Tuesday, January 24, 2006

Apology Doesn't Sway Judge

Friends of ours: Al Capone, Michael Spano Sr.,
Friends of mine: Betty Loren-Maltese, Emil Schullo

Betty Loren-Maltese apologized in court Monday for allowing corruption to occur while on her watch as the former town president of the Chicago suburb of Cicero.
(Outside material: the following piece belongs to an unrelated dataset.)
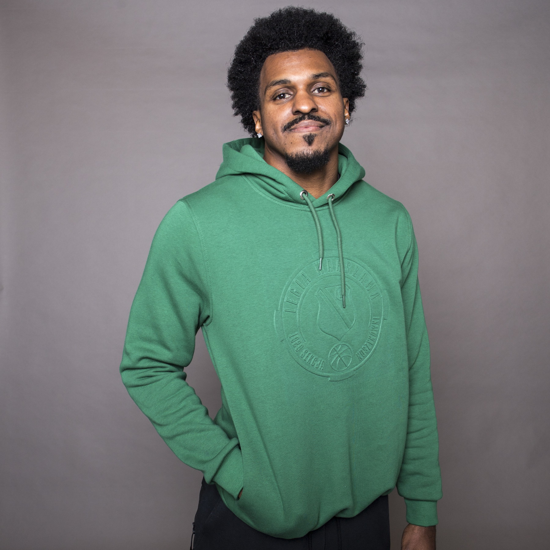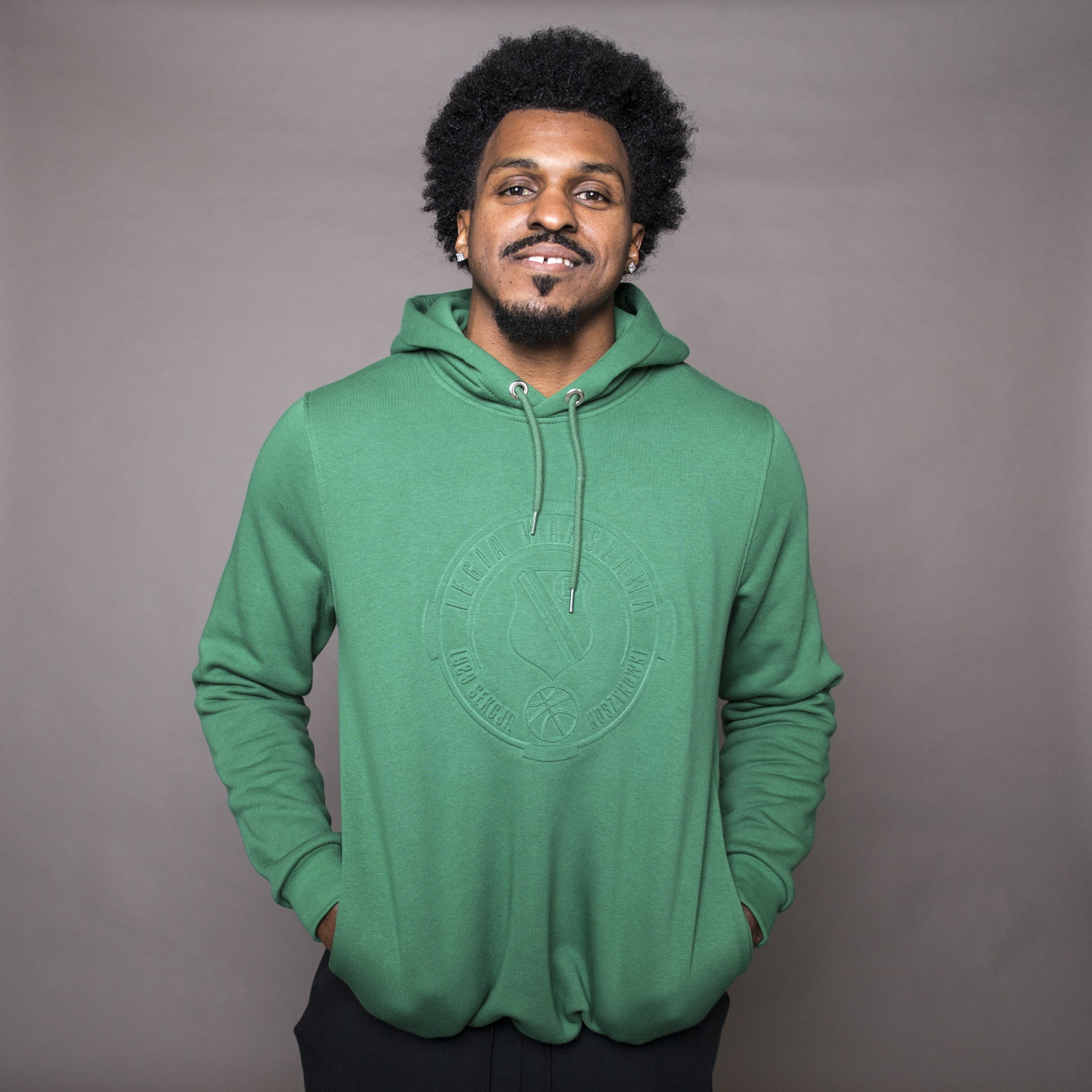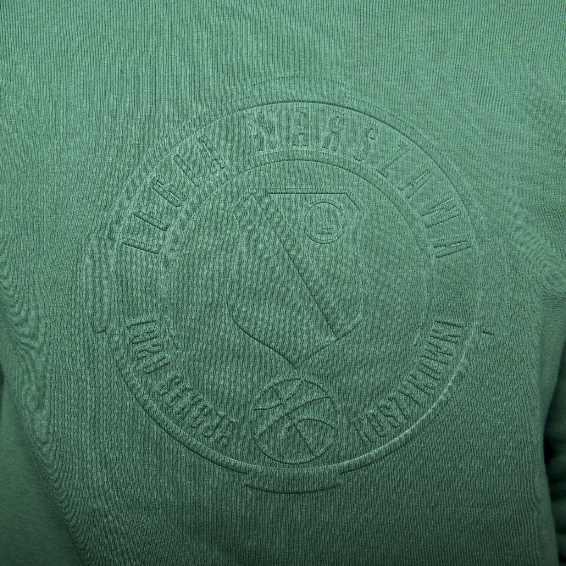 Zielona bluza z kapturem typu hoodie Legia Warszawa z tłoczonym herbem i napisem „Legia Warszawa 1929 Sekcja Koszykówki”. Skład: 95% bawełna, 5% poliester. Sprawdź w Legia FanStore!

But a federal judge determined her apology did not go far enough and resentenced her on a racketeering conviction to eight years in prison, the same jail term he doled out three years ago.
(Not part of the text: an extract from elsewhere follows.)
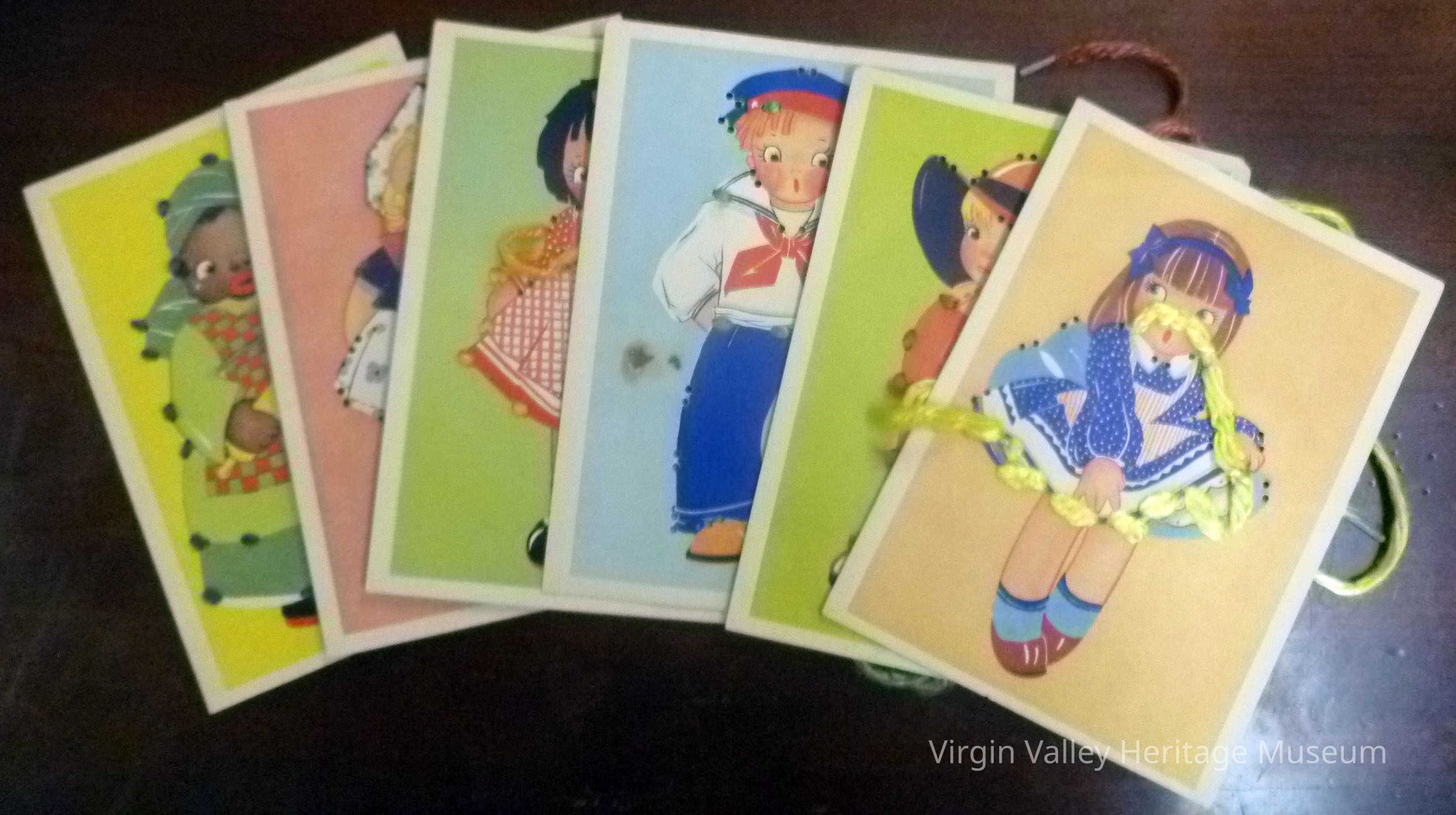 A set of Jolly Dolly sewing cards from the 1940s.

Loren-Maltese, 56, and five co-defendants were convicted of racketeering in 2002 for using a bogus insurance company to bilk taxpayers out of more than $10 million from 1992 to 1996.

A federal appeals court in September ruled that Loren-Maltese and her co-defendants should be resentenced because U.S. District Judge John F. Grady, who presided over the three-month trial, made an error in imposing the original sentences.
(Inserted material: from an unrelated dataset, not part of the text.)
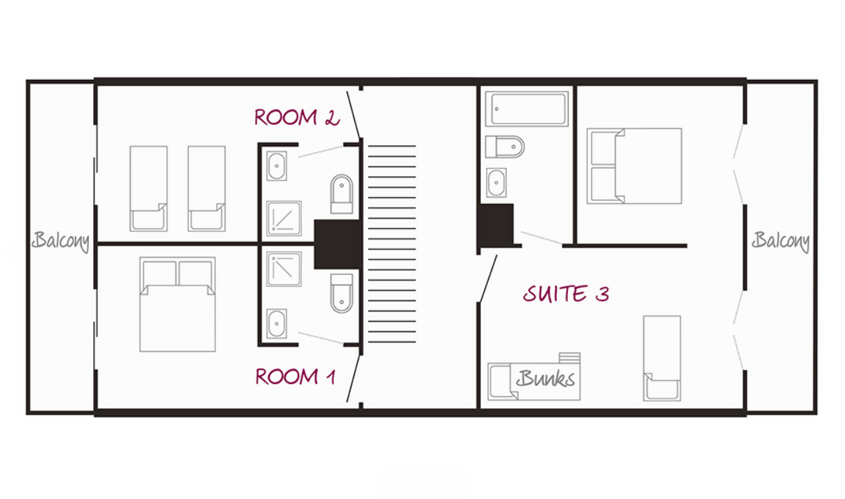 Suite 3 - Sleeps up to 5 plus cot space. This spacious family suite consists of a double bed, a bunk bed and a single bed in a separate room, plus an ensuite with a bath. The balcony can be accessed from both rooms.

The appeals court opinion said that after Grady determined the amount of money Loren-Maltese and the others swindled from Cicero taxpayers to be $10.6 million, the judge wrongly rounded down the number to less than $10 million.

Prosecutors have spent years investigating the small, blue-collar suburb just outside the Chicago city limits that has been known as a haven for corruption since the 1920s, when Al Capone made it the hub of his bootlegging empire.

Among the others convicted with Loren-Maltese were alleged Cicero mob boss Michael Spano Sr. and Emil Schullo, one-time head of the Cicero police department. Schullo was scheduled to be resentenced today.